The opening “sustainable enterprise seminar” was presented by Hong Kong-based partner Christopher Tung and Melbourne-based partner Louis Chiam. It focused on developments in the Asian carbon market and clean development mechanism (CDM) projects, as well as carbon trading internationally.
According to Tung, more than 75 per cent of CDM projects developed in 2007 were located in Asia, and this 12 billion euro market ($20 billion) was well and truly dominated by China. According to energy consultancy Point Carbon, China supplied 62 per cent of the world’s certified emission reduction certificates (CERs) from CDM projects last year, the next largest market being Indonesia, which supplied just 10 per cent.
Interestingly, this is the case despite the fact that the Chinese market throws up a number of hurdles for CDM project developers that some other Asian countries don’t. These include a restriction on foreign ownership of projects — a restriction which doesn’t exists in markets such Hong Kong, Indonesia or Singapore — and a CER levy, which is absent in all other major Asian countries.
Tung believes that the continuing popularity of China for CDM projects comes down to foreign investor confidence. “I think there is familiarity with investment in China. There’s a lot of foreign investors - there’s a greater critical mass — and there’s more economic activity. In any sector that seems to be of comfort,” Tung said.

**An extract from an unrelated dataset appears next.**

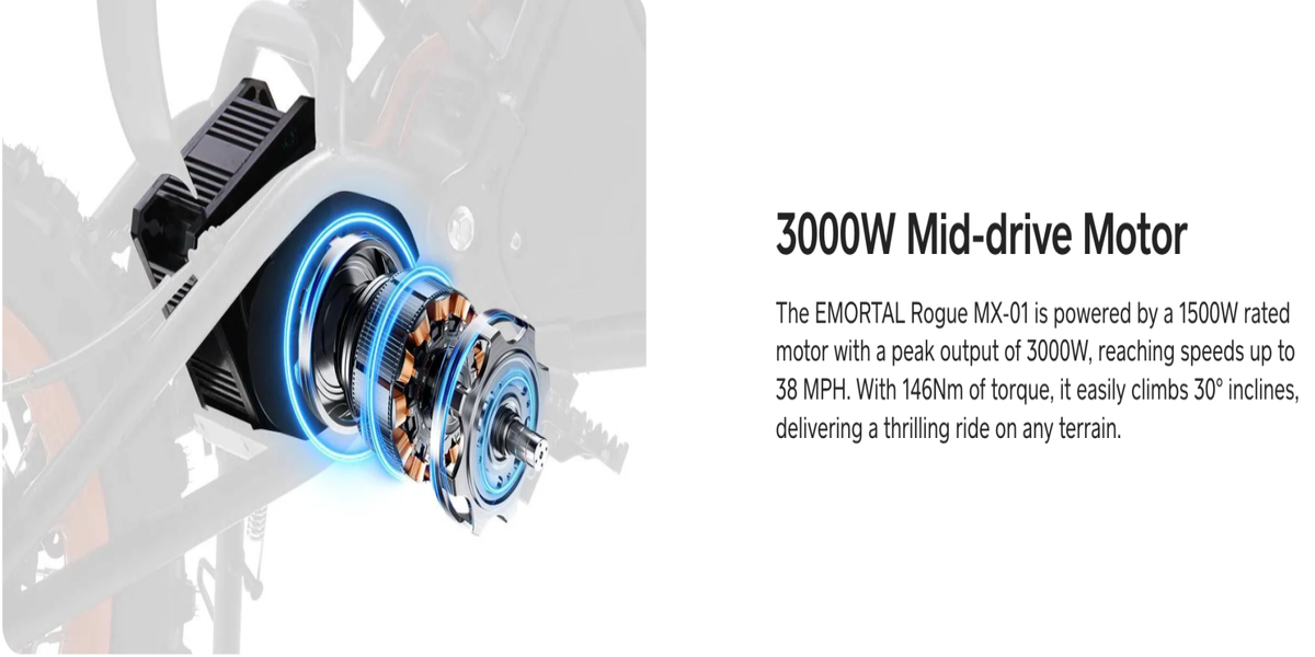 - Motor: 3000W Mid-Drive Motor (Peak)

“And, notwithstanding some of these hurdles, they have been quite systematic and quite determined to promote China and they’ve done really well with their policies.”
An important consideration for lawyers when it comes to negotiating CER trades for clients is that now, more than ever, suppliers have the upper hand. “It’s a sellers’ market essentially, and it’s much more of a sellers’ market now in China than it was even six to nine months ago,” Tung said. “It’s a big power craze and [sellers] are effectively saying: ‘We don’t need to contract on your terms, we’ll contract on our terms’.”

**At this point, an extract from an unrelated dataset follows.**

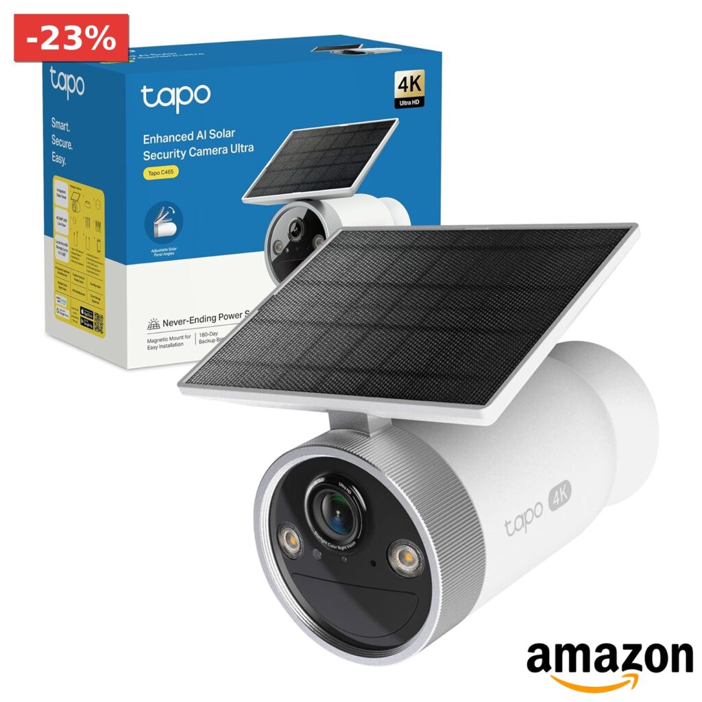🌟 Tapo – Telecamera WiFi Esterno 4K 8MP con Pannello Solare

One of the main reasons for this, Tung explained, is that English law is now being replaced by Hong Kong law as the governing law of CER contracts.
“It used to be that the Chinese parties were more willing to accept whatever the buyer said: ‘We’ll live with English law because we don’t really understand the contract as yet.’ But in the last year they’ve been saying: ‘It’s got to be Hong Kong law’,” Tung said.
According to fellow presenter Chiam, clients wanting to purchase CERs also have to be aware of local laws and policies, such as local Chinese investment regulations, and they need to understand the risks associated with developing CDM projects.
“You typically sign emission reduction purchase agreements (ERPAS) before the project has developed, so you need to have formed a view about how likely the project is to get to completion and that sort of thing,” he said. “So a lot of the work we do with our clients is analysing the quality of the project, so that they can form a view of how it’s going to work.”
Another important consideration is that carbon contracts also tend to be “non firm” with respect to the volume of CERs to be supplied — meaning that the buyer will be required to purchase however many CERs the supplier is able to produce.
A final twist for lawyers advising on carbon trades is the fact that the continuing existence of the CDM and the values of CERs post-2012 depends on international agreement being reached. However, according to Chiam, trades have already been negotiated for CERs produced past this time by those optimistic that an international agreement can be negotiated. “It requires a leap of faith and some careful drafting,” Chiam said.